-- EXERCISE DATA follows --
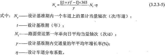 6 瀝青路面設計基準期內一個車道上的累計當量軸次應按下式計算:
-- EXERCISE DATA concluded --
-- EXERCISE DATA follows --
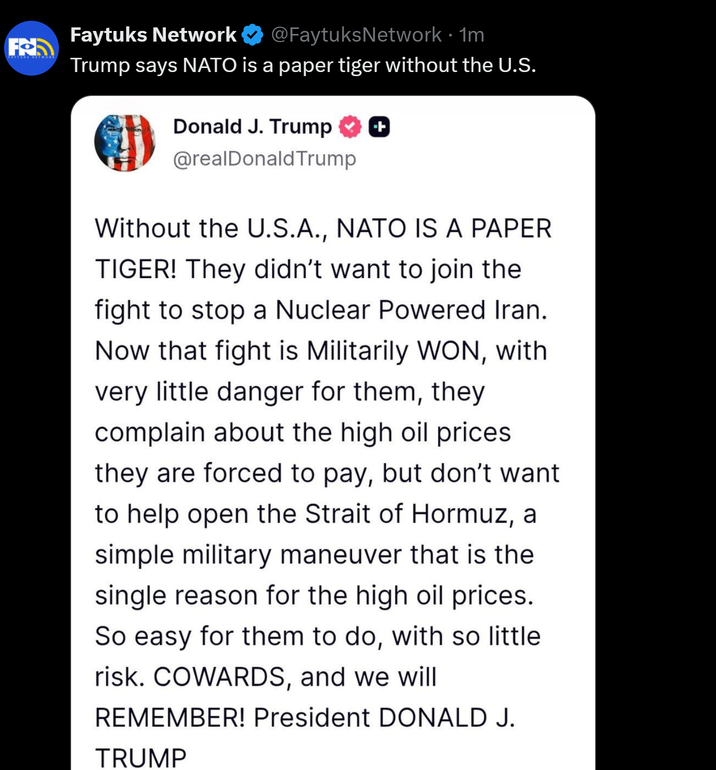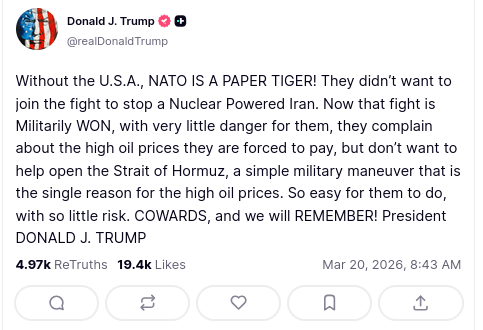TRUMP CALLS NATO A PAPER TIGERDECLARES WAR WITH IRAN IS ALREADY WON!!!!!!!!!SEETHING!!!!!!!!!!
-- EXERCISE DATA concluded --
-- EXERCISE DATA follows --
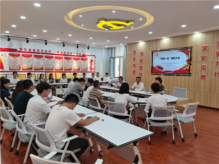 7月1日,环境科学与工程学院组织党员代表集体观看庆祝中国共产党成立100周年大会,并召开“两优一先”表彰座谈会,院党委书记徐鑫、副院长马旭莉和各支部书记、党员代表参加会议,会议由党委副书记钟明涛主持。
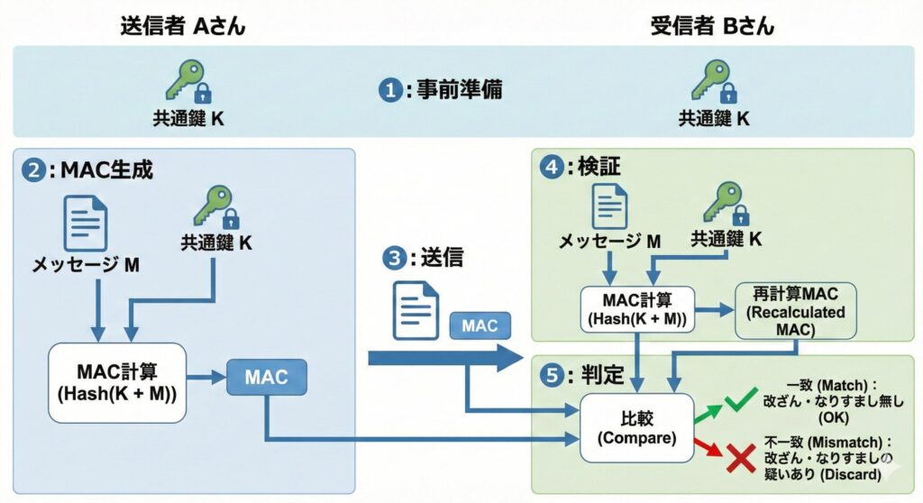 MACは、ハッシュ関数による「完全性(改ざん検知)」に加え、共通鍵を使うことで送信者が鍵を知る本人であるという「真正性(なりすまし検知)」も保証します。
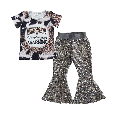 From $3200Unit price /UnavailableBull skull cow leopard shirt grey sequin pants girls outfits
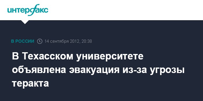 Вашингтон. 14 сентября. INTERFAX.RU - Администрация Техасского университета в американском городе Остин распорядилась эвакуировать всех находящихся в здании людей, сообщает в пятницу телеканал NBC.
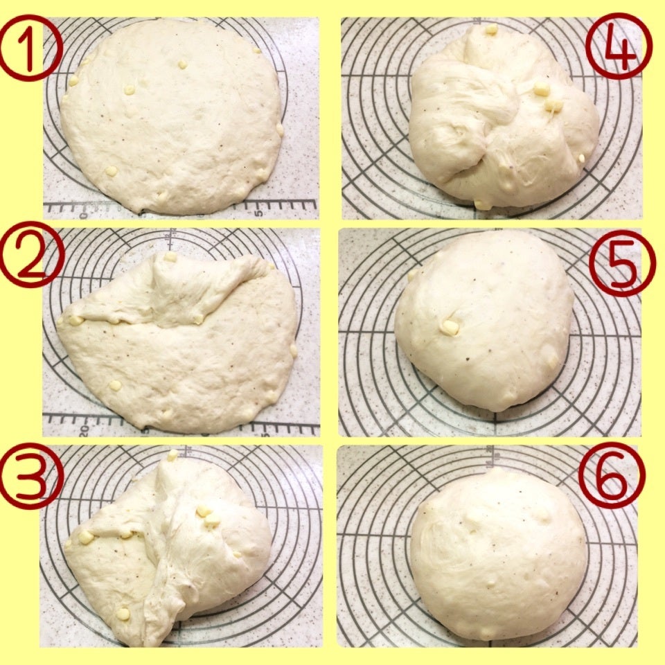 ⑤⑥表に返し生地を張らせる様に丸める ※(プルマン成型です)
-- EXERCISE DATA concluded --
Set down again, word for word, every line from the one with "7月1日,环境科学与工程学院" to the one with "From $3200Unit price" in the entries above, and omit the pictures.

 7月1日,环境科学与工程学院组织党员代表集体观看庆祝中国共产党成立100周年大会,并召开“两优一先”表彰座谈会,院党委书记徐鑫、副院长马旭莉和各支部书记、党员代表参加会议,会议由党委副书记钟明涛主持。
 MACは、ハッシュ関数による「完全性(改ざん検知)」に加え、共通鍵を使うことで送信者が鍵を知る本人であるという「真正性(なりすまし検知)」も保証します。
 From $3200Unit price /UnavailableBull skull cow leopard shirt grey sequin pants girls outfits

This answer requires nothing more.